Version 7.3.0

This release introduces a new UserDiagram for describing the different end-user profiles of apps, the Agent Personalization workflow to create variations of the same agent for each user profile, and a standalone chatbot deploy target on the existing GitHub deploy flow. It also tightens the deploy export so diagrams.json written into deployed repos is re-importable through the editor, and gates the new recommendation endpoints behind GitHub OAuth so the BESSER server’s OpenAI quota cannot be drained anonymously.

New Features and Improvements

User Diagram

  • Added UserDiagram as a first-class diagram type for describing the different user profiles of created apps, capturing personal information, language profile, competences, accessibility constraints, abilities, and cultural dimensions in the same metamodel space as the rest of B-UML.

  • Shipped an OCL constraint set (pi_age_range, skill_name_not_empty, education_required_fields, disability_description_not_empty) declared in constants/user_buml_model.py and evaluated by the existing check_ocl_constraint pipeline.

  • Extended the validation router so the same /validate-diagram endpoint covers UserDiagram payloads alongside the existing diagram types.

  • Added a dedicated palette in the Web Modeling Editor (UserModelName, UserModelAttribute, UserModelIcon).

  • The attribute-edit panel now supports enumeration values with case-insensitive enum lookup.

  • Documentation: docs/source/buml_language/model_types/user_diagram.rst.

Agent Personalization Pipeline

  • Based on a given agent model, user model, and agent profile (defining user specific customizations), a personalized model can be generated, reflecting the customizations

  • The BAF_generator can now ingest multiple agent models with a user-profile-to-agent-model mapping and generate an agent that provides a personalized experience based on the available profiles.

  • Documentation: docs/source/generators/agent_personalization.rst.

Standalone Chatbot Deploy

  • Extended POST /github/deploy-webapp to accept a deploy_config.target of "webapp" or "chatbot" (the frontend translates its "agent""chatbot" at the wire boundary).

Web Modeling Editor

  • Added the agent-personalization workflow with AgentConfigurationPanel (absorbing the previous two personalization panels) and an agent-variant management UI on the agent diagram.

  • Added the Deploy → “Publish to Render” agent target so users can deploy a personalized chatbot directly from the editor.
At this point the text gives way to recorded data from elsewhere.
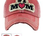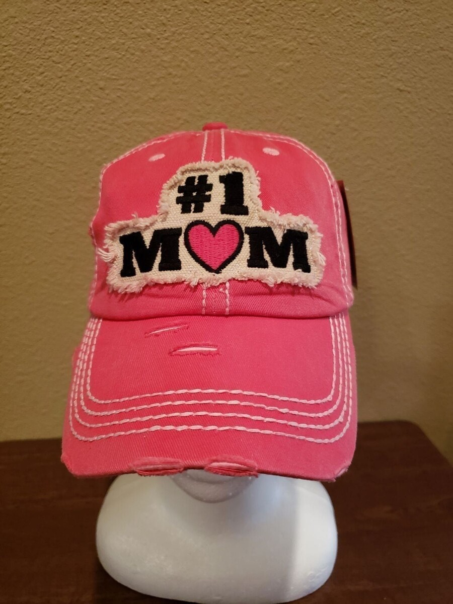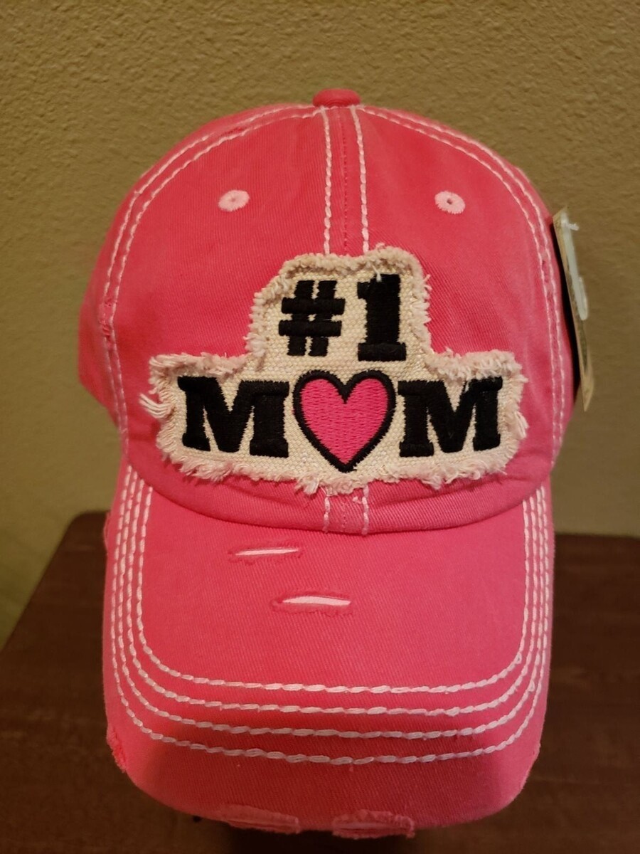#1 MOM Baseball Cap Distressed Red Coral NWT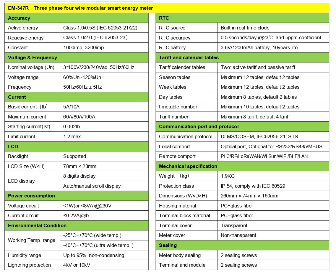 EM-347R is a direct connection modular design three phase AMI meter, which is used to measure electric energy accurately for commercial and residential customers. Meter supports varieties communication mediums for dala management with PLC/RF/Wi-Sun/LoRaWAN/WIFI/BLE and optical port/RS232/MBUS/RS485/LAN is for wire communication etc. DLMS/COSEM or IEC62056-21 protocol.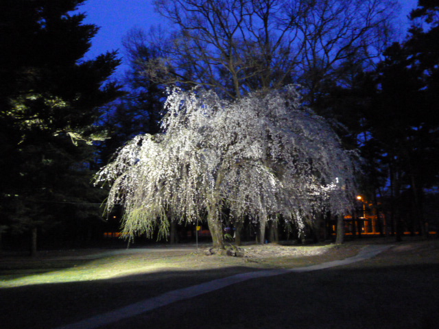 ライトアップは、例年通り競技スポーツゾーン やまびこ国体の森付近のシダレザクラです。
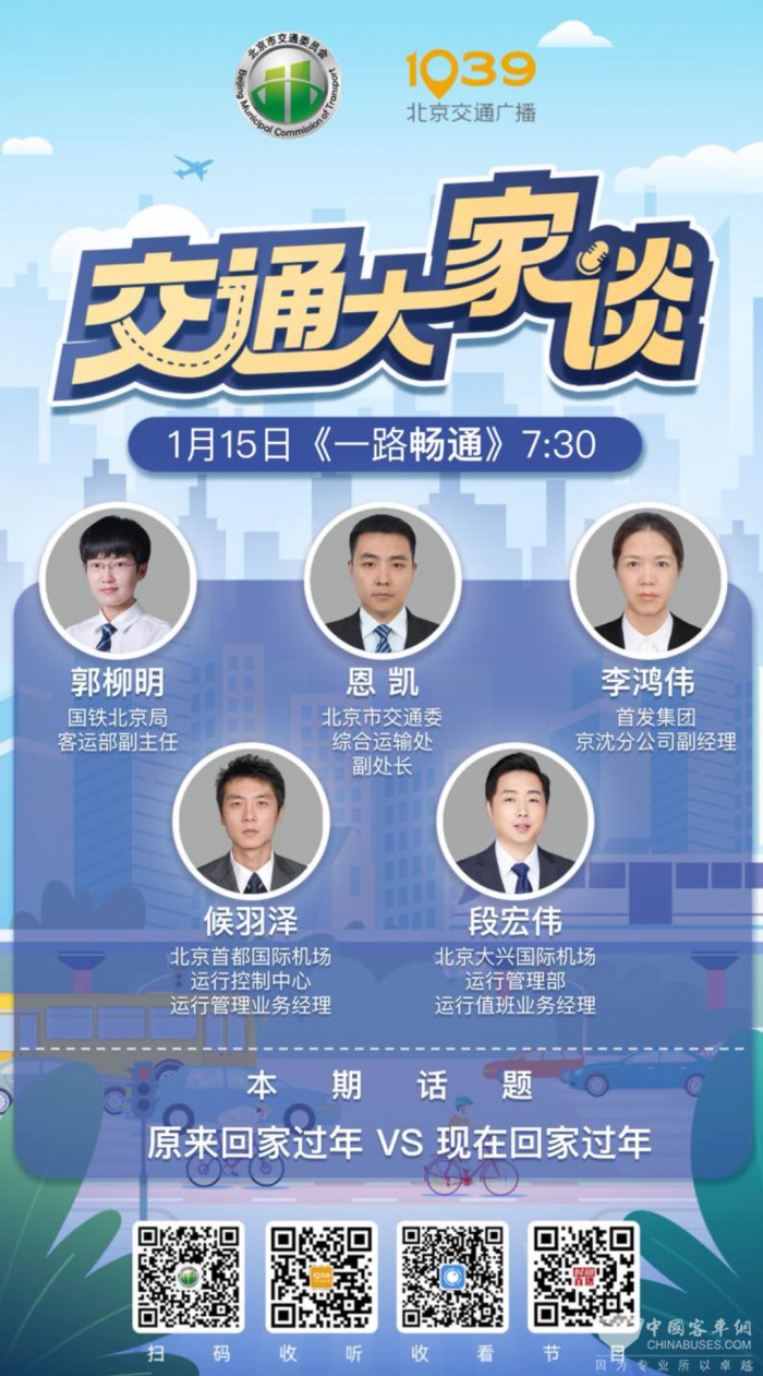 本期的《交通大家谈》邀请到北京市交通委综合运输处副处长 恩凯、国铁北京局客运部副主任 郭柳明、北京首都国际机场运行控制中心运行管理业务经理 侯羽泽、北京大兴国际机场运行管理部运行值班业务经理 段宏伟、首发集团京沈分公司副经理 李鸿伟做客直播间,一起聚焦2025年春运保障。

  • Added v2 LocalStorageRepository migrations for besser_systemConfig and the legacy agentConfig key.

  • Migrated useGitHubRepo.createRepo to apiClient.post with X-GitHub-Session forwarded; DeployWebappResponse is hoisted at module scope and the deployment_urls/is_first_deploy fallback lives in a single toGitHubRepoResult mapper.

  • Added a real UI-driven Playwright spec at tests/e2e/github-deploy.spec.ts that drives the production Deploy menu and asserts the captured request body carries projectExport.version === "2.0.0" and a non-empty project.diagrams map.

  • Object diagram now prefers the className label for user-model elements.

B-UML Metamodel

  • Fixed Object._validate_object_completeness so a child class that only inherits attributes is still flagged when no slot values are provided. The check now calls classifier.attributes and classifier.inherited_attributes() directly (instead of guarding with hasattr/getattr defaults that masked real type bugs).

Testing

  • Backend full pytest suite: 771 passed, 5 skipped, 3 xfailed.

  • New unit tests cover user_profile_utils (safe_path traversal/prefix-sibling, generate_user_profile_document smoke), agent_config_recommendation_utils (markdown-fence JSON extraction, clamp + whitelist normalization, lru_cache identity), and agent_config_manual_mapping_utils (representative profiles for older-adults, language-code-switching, and low-literacy abbreviation rules; determinism + deepcopy safety).

  • New behavioral integration tests in test_api_integration.py cover /recommend-agent-config-mapping end-to-end (real helpers, no LLM mock), /recommend-agent-config-llm with out-of-range LLM responses to verify clamping, and /deploy-webapp with deploy_target="agent" driving the chatbot path via a mocked PyGithub client.

  • Frontend vitest: 23/23 on shared/utils/__tests__/projectExportUtils.test.ts (existing 20 + 3 new envelope-contract cases — version pin, ISO exportedAt round-trip, diagramTypes argument forwarding).

  • Tightened test_relationship_fk_placement slicing to stop at the #--- relationship-block separator so a non-deterministic class-ordering run no longer leaks Sensor.dt_id into PhysicalAsset’s slice.

  • Added .github/codeql/codeql-config.yml excluding py/clear-text-storage-sensitive-data: the rule fires on the f.write(render_config) calls in the deploy paths because render.yaml references env-var KEY names (OPENAI_API_KEY, STREAMLIT_DB_PASSWORD) so Render can wire secrets at deploy time — no password VALUES are written.